Data block:
........

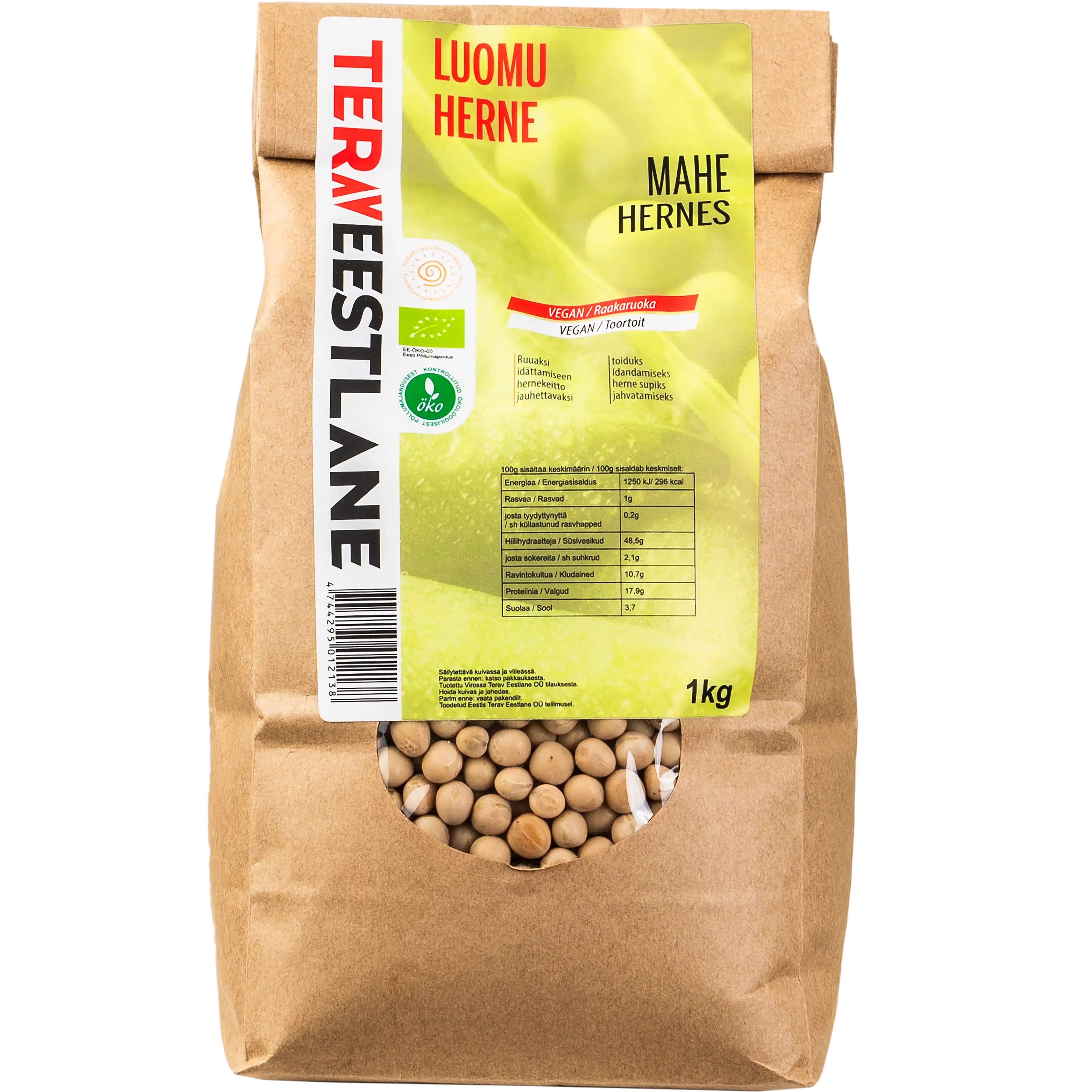 100g luomu herne sisältää: energiaa 1250 kJ/ 296 kcal; rasvaa 1g, josta tyydyttynyttä 0,2g; hiilihydraatteja 48,5g, josta sokereita 2,1g; proteiinia 17,9g; suolaa 3,7 mg, ravintokuitua 10,7g. Sopii ruuaksi, idättamiseen, hernekeitto, jauhettavaksi.
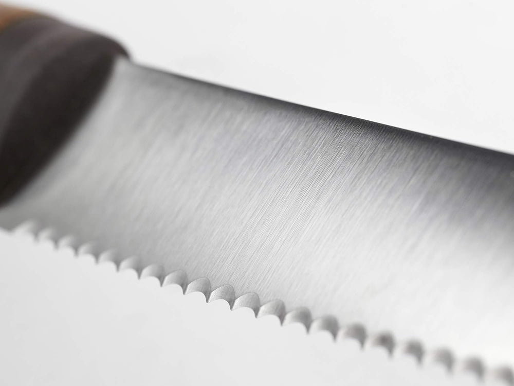 - Ofenfrisches Gebäck, harte Brotsorten oder knusprigen Braten schneidet die Brotsäge genauso präzise wie eigenes Gemüse vom Feld oder Früchte mit fester Haut. Die Welle (Sägeschliff) der 23cm Klinge gleitet durch jede Kruste – ohne sie zu
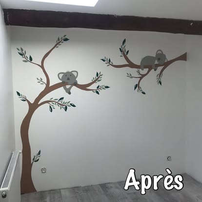 Avec notre prestation de touche artistique, nous vous offrons des dessins muraux et des décorations artisanales qui captivent l’œil et éveillent les sens. Que ce soit pour une chambre d’enfant avec des motifs joyeux comme des koalas, ou pour un salon avec des moulures élégantes, nous nous engageons à dépasser vos attentes avec notre savoir-faire artistique.

........

Task requirements: Set the listing down again exactly, skipping each picture.

Exercise solution:
 100g luomu herne sisältää: energiaa 1250 kJ/ 296 kcal; rasvaa 1g, josta tyydyttynyttä 0,2g; hiilihydraatteja 48,5g, josta sokereita 2,1g; proteiinia 17,9g; suolaa 3,7 mg, ravintokuitua 10,7g. Sopii ruuaksi, idättamiseen, hernekeitto, jauhettavaksi.
 - Ofenfrisches Gebäck, harte Brotsorten oder knusprigen Braten schneidet die Brotsäge genauso präzise wie eigenes Gemüse vom Feld oder Früchte mit fester Haut. Die Welle (Sägeschliff) der 23cm Klinge gleitet durch jede Kruste – ohne sie zu
 Avec notre prestation de touche artistique, nous vous offrons des dessins muraux et des décorations artisanales qui captivent l’œil et éveillent les sens. Que ce soit pour une chambre d’enfant avec des motifs joyeux comme des koalas, ou pour un salon avec des moulures élégantes, nous nous engageons à dépasser vos attentes avec notre savoir-faire artistique.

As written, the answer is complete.